Your objective: Working from the records below, repeat exactly the lines starting at the line that contains "Podprsenka s kosticí" and ending at the line that contains "Blomefield Cast Iron", inclusive.

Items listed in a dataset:
+-------+

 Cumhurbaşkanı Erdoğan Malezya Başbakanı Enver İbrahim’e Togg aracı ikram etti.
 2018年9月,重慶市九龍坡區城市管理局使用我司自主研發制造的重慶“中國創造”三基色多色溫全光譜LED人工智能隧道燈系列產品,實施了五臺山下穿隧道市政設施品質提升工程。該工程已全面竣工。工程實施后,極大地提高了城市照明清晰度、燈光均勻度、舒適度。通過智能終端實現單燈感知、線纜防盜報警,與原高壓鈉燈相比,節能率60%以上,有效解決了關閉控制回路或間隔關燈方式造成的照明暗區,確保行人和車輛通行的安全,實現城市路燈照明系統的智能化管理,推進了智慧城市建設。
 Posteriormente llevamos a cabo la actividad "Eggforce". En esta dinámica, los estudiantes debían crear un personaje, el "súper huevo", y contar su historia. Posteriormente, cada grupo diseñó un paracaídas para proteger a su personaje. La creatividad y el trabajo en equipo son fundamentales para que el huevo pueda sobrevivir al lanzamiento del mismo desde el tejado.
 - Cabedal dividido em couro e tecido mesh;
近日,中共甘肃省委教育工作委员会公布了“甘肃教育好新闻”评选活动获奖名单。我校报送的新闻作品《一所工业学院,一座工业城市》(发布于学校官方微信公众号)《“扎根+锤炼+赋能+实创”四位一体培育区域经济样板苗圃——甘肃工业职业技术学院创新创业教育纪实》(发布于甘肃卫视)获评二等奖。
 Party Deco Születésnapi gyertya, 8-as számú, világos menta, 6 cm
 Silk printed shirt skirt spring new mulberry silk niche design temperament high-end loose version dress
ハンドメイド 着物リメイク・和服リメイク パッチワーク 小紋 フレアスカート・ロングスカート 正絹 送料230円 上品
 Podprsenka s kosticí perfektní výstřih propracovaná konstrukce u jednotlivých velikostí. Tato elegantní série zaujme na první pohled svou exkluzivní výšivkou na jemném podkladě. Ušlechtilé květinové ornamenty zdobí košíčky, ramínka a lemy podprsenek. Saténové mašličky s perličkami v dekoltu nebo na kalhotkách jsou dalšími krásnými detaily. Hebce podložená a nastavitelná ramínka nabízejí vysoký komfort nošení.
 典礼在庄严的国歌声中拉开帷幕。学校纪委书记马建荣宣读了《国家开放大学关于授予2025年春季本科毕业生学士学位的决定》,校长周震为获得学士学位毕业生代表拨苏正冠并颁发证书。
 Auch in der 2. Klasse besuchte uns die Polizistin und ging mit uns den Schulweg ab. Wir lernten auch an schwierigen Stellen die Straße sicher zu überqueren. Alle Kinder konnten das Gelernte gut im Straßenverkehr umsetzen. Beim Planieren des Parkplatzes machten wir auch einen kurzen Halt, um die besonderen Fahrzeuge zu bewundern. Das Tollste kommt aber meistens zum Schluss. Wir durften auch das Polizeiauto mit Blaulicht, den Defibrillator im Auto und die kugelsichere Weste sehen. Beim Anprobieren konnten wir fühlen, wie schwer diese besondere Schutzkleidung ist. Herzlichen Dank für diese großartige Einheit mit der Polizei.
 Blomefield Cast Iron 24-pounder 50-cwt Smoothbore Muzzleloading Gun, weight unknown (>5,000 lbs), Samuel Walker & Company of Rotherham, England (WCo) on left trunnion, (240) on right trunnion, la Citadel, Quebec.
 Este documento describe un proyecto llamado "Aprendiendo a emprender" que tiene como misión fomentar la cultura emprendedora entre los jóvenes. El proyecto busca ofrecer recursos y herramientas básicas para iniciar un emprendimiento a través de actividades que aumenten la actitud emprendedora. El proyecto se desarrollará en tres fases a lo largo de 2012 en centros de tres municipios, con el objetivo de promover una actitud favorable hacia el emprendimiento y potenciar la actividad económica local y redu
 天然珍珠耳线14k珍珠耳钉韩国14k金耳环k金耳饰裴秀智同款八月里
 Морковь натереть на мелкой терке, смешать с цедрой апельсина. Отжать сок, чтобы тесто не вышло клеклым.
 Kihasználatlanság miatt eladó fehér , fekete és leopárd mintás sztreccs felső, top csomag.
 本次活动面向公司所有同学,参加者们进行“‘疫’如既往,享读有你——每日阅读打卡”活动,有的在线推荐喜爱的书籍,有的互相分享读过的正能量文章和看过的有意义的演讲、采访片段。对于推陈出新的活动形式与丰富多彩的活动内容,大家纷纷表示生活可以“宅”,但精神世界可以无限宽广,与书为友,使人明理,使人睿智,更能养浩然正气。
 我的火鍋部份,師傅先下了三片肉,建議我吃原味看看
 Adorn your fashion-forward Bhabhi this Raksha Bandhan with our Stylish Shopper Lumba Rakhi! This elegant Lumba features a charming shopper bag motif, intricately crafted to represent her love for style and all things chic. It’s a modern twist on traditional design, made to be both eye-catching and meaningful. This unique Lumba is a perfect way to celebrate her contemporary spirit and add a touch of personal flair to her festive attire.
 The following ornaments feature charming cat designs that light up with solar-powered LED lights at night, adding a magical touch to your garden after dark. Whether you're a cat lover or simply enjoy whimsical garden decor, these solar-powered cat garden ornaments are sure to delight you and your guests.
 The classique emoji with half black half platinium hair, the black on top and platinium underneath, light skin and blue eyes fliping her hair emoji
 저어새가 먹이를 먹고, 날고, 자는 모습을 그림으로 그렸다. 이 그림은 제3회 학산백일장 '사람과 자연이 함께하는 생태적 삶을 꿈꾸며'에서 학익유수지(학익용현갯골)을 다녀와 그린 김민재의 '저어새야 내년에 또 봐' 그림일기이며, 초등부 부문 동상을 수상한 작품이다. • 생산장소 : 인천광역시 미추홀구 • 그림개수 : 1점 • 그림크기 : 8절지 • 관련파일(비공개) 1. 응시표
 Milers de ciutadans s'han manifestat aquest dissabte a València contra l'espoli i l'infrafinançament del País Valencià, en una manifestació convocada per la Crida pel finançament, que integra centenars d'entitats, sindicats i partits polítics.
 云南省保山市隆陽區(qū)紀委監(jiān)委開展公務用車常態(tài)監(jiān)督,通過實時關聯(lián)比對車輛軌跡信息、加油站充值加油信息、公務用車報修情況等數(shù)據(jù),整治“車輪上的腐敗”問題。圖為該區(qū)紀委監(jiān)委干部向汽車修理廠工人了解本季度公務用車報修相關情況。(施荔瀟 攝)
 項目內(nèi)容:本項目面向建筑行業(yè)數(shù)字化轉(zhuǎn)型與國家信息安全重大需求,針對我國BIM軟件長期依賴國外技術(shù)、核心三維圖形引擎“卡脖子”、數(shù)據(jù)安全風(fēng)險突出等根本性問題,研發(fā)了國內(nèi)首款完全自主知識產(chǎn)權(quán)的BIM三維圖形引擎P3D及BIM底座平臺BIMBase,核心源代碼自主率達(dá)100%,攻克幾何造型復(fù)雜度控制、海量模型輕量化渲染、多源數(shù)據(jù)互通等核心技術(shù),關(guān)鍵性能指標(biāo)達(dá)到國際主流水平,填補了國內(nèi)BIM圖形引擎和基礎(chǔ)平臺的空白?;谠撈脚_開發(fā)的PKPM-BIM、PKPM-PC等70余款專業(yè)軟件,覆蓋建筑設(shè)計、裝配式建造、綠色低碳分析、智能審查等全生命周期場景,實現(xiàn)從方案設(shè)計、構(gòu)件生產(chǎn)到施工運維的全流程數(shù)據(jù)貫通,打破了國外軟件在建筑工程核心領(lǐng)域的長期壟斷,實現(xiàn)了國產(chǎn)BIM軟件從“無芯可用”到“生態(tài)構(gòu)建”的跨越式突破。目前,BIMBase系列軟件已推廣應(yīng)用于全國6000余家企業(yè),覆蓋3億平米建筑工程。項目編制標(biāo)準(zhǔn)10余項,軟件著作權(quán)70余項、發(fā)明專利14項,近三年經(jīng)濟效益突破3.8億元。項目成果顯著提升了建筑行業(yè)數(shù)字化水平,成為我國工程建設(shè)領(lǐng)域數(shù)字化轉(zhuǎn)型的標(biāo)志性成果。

+-------+

Written reply:
 Podprsenka s kosticí perfektní výstřih propracovaná konstrukce u jednotlivých velikostí. Tato elegantní série zaujme na první pohled svou exkluzivní výšivkou na jemném podkladě. Ušlechtilé květinové ornamenty zdobí košíčky, ramínka a lemy podprsenek. Saténové mašličky s perličkami v dekoltu nebo na kalhotkách jsou dalšími krásnými detaily. Hebce podložená a nastavitelná ramínka nabízejí vysoký komfort nošení.
 典礼在庄严的国歌声中拉开帷幕。学校纪委书记马建荣宣读了《国家开放大学关于授予2025年春季本科毕业生学士学位的决定》,校长周震为获得学士学位毕业生代表拨苏正冠并颁发证书。
 Auch in der 2. Klasse besuchte uns die Polizistin und ging mit uns den Schulweg ab. Wir lernten auch an schwierigen Stellen die Straße sicher zu überqueren. Alle Kinder konnten das Gelernte gut im Straßenverkehr umsetzen. Beim Planieren des Parkplatzes machten wir auch einen kurzen Halt, um die besonderen Fahrzeuge zu bewundern. Das Tollste kommt aber meistens zum Schluss. Wir durften auch das Polizeiauto mit Blaulicht, den Defibrillator im Auto und die kugelsichere Weste sehen. Beim Anprobieren konnten wir fühlen, wie schwer diese besondere Schutzkleidung ist. Herzlichen Dank für diese großartige Einheit mit der Polizei.
 Blomefield Cast Iron 24-pounder 50-cwt Smoothbore Muzzleloading Gun, weight unknown (>5,000 lbs), Samuel Walker & Company of Rotherham, England (WCo) on left trunnion, (240) on right trunnion, la Citadel, Quebec.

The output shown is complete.